Medienschau: Studie zu neuen medizinethischen Strategien der »Lebensschutz«-Bewegung
»Lebensschützer« marschieren gegen die Rechte von Frauen
Radikale Abtreibungsgegner demonstrieren in Berlin / Mit neuen Themen greifen Fundamentalisten in gesellschaftliche Debatten ein
Erneut treffen sich christlich-fundamentalistische Abtreibungsgegner und politische Unterstützer aus rechtskonservativen Kreisen zu ihrem sogenannten Marsch für das Leben.

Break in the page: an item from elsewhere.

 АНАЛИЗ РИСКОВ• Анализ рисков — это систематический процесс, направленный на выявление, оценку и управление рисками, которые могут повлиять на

Zum 13. Mal bereits versammeln sich die selbst ernannten Lebensschützer am Samstag in Berlin. Ihr Motto lautet: »Die Schwächsten schützen: Ja zu jedem Kind.« Die harmlos und richtig klingende Parole verbirgt jedoch, dass Frauen ein Nein in dieser Frage auf keinen Fall zugestanden wird.

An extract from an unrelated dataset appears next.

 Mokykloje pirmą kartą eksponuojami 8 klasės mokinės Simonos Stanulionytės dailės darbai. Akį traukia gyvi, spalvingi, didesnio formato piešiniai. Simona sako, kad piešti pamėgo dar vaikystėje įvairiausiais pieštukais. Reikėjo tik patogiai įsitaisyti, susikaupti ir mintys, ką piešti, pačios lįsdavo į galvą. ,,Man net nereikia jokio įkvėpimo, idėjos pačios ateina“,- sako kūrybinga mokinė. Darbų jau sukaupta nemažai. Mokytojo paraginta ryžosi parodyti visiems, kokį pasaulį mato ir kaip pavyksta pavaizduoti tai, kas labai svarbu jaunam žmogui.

Ein lautes Nein kommt dagegen vom Bündnis für sexuelle Selbstbestimmung, das am Samstag gegen die Abtreibungsgegner protestieren wird. Auch auf politischer Ebene gibt es kein eindeutiges Ja zum »Marsch des Lebens«. Zwar sandten auch in diesem Jahr noch ein halbes Dutzend Bundestagsabgeordnete der Union Grußworte. Der katholische Berliner Diözesanrat und die Evangelische Kirche Berlin-Brandenburg verweigerten jedoch ihre Unterstützung. Dafür positionierte sich der Münchner Kardinal Reinhard Marx im Namen der katholischen Bischofskonferenz eindeutig zustimmend – und dies nicht zum ersten Mal. Ob wieder AfD-Prominenz mitmarschiert, wie in den vergangenen Jahren etwa Beatrix von Storch, dürfte nicht entscheidend sein, hat die Partei den »Lebensschutz« doch längst in ihr Bundestagswahlprogramm gehoben. (…)

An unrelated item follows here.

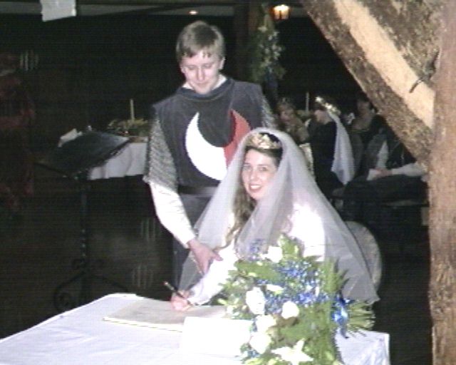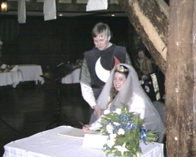 - Me and Estelle signing the marriage register

In Stellung gebracht wurde in beiden Fällen die Gewissensfreiheit der Ärzte, die aus diesem Grund einen Abbruch verweigern können. Auch wenn schon immer einzelne Mediziner in den Reihen der Abtreibungsgegner zu finden waren, wird die Berufsgruppe aktuell noch mehr zum Ziel der Beeinflussung gemacht. (…)
Auch wenn die juristischen Vorstöße bisher nicht erfolgreich waren, hält die Journalistin und Autorin Kirsten Achtelik die »Lebensschutz«-Bewegung dennoch für gefährlich, »weil sie tatsächlich versucht, den Zugang zum Schwangerschaftsabbruch einzuschränken, auf unterschiedlichen Ebenen und mit verschiedenen Strategien«. Es gehe nicht nur darum, einem Fötus Subjektcharakter zuzuschreiben oder Ärztinnen einzuschüchtern. »Häufig ist das Vorgehen kaum wahrnehmbar, es geschieht in Kirchengemeinden oder über das Internet. Hier stoßen Hilfesuchende auf Webseiten der Lebensschützer.« Für das Berliner Antifaschistische Archiv Apabiz haben Achtelik, Eike Sanders und Ulli Jentsch eine Studie erarbeitet, in der aktuelle Strategien der »Lebensschutz«-Bewegung unter die Lupe genommen werden. Die Untersuchung erscheint bald unter dem Titel »Kulturkampf und Gewissen« beim Gunda-Werner-Institut der Heinrich-Böll-Stiftung. (…)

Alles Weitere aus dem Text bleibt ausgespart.